Anyway, I got this Larry Levan cd and couldn't wait to put it on. Larry Levan was a somewhat legendary dj in the late 70s, at the Paradise Garage in NYC.
A few years ago when my friend Michael and I went up there we actually made a pilgrimage to see it. Seems it's like a parking garage now, ironically enough.
Who checks out a bouquet of irises, two apples, lavender hand sanitizer and wedge of Dutch goat cheese at 9:30 on a Thursday night?
Apparently I do.
I was excited to find number 2 was none other than "Clouds". I think it must be the most joyous sad song ever...or at least one of them. Seriously, you don't know whether to be happy or sad. That's the genius of it.
By the time I got home I was hoarse, from straining my voice trying to out-Chaka Chaka Khan. Thank god I was alone. I think I might have wilted the irises a bit.
Feb 24, 2010
Oh, and the smell of dead fish and durian that'll knock you to the ground if you catch it in the wrong nostril.
While there, I ended up buying (yet another) pack of joss paper. I don't know why. I have no use for it, but I can't help but buy it. It's so pretty...and only 2 dollars!
Long ago, I framed a sheet or two...and I've also used it to decoupage a box. I once used it to wrap a small gift, for a person who didn't really seem to appreciate it.
Ah well, one tries.
Now I'm just too lazy to do much of anything with it, but I couldn't help but buy it.
The main reason I went was to buy herbs. The herbs there are cheaper than at the supermarket, there's a better variety....and most seem locally grown.
I got some mint, cilantro, parsley.
Oh, and Korean moon pies.
Yeah, you heard me right.
Korean freaking moon pies.
They're not very good, however.
Those Koreans might have nuclear warheads or whatever, but you can rest assured that moon pie technology is still proudly in the our hands.
God bless America.
Later that week, I made some Nasi Goreng, some type of Indonesian fried rice, with tamarind paste and shrimp and tomatoes and fried eggs and a lot of other things that added up to a big blah.
It was ok, but not worth the effort.
I also bought some bread from the local Vietnamese bakery, which I also always do when I go there, three loaves, fresh from the oven, for a dollar. You can't beat that.
Ominously, the place seems to be on the verge of being invaded by hipsters. How they ever found their way to the westbank, I don't know.
Something is clearly wrong with the world when one sees hipsters on the Wank.
One, clearly a hipster émigré from the North, and his girlfriend were leisurely wandering the aisles in front of me---she dressed in the standard skinny jeans/ American Apparel top uniform.
He, however, was bare chested, barefoot, long wavy hair wrapped up messily on top of his head, taut body wrapped loosely in an off purple sari...(in February?)...like some kind of wannabe Devendra Banhart, but better looking.
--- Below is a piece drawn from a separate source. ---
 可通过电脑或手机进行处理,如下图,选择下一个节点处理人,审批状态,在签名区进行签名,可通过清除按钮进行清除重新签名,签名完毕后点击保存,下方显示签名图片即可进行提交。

Shiva, as cast by Abercrombie and Fitch.
Yeah, he was hot.
Of course I had to follow them.
Sure enough, somewhere in the ramen noodles he turned a bit too fast, and don't you know he wasn't wearing underwear.
The lingam was in the macaroni, baby.
I didn't get a picture of that, but I did get a picture of this Thai aluminum serving spoon:
Feb 22, 2010
Feb 20, 2010
This afternoon, tired of eating alone all the time, I attempted to find someone, anyone, who would deign to dine with me.
I was half tempted to sign up for some cooking classes below, but even I'm not that hungry.
Call to friend 1.= no pick up.
Call to friend 2. =interrupted a nap...."call me later this week, maybe, hon."
Call to friend 3. =straight to answering machine.
Call to ______ 4."I have a coupon for the casino buffet!"
we have a winner.
(Yes, I'll be squiring my mother again to the land of fried shrimp, fried hair and fried nicotine)
erotic cooking classes - mw4mw - 27 (4705 Freret Street)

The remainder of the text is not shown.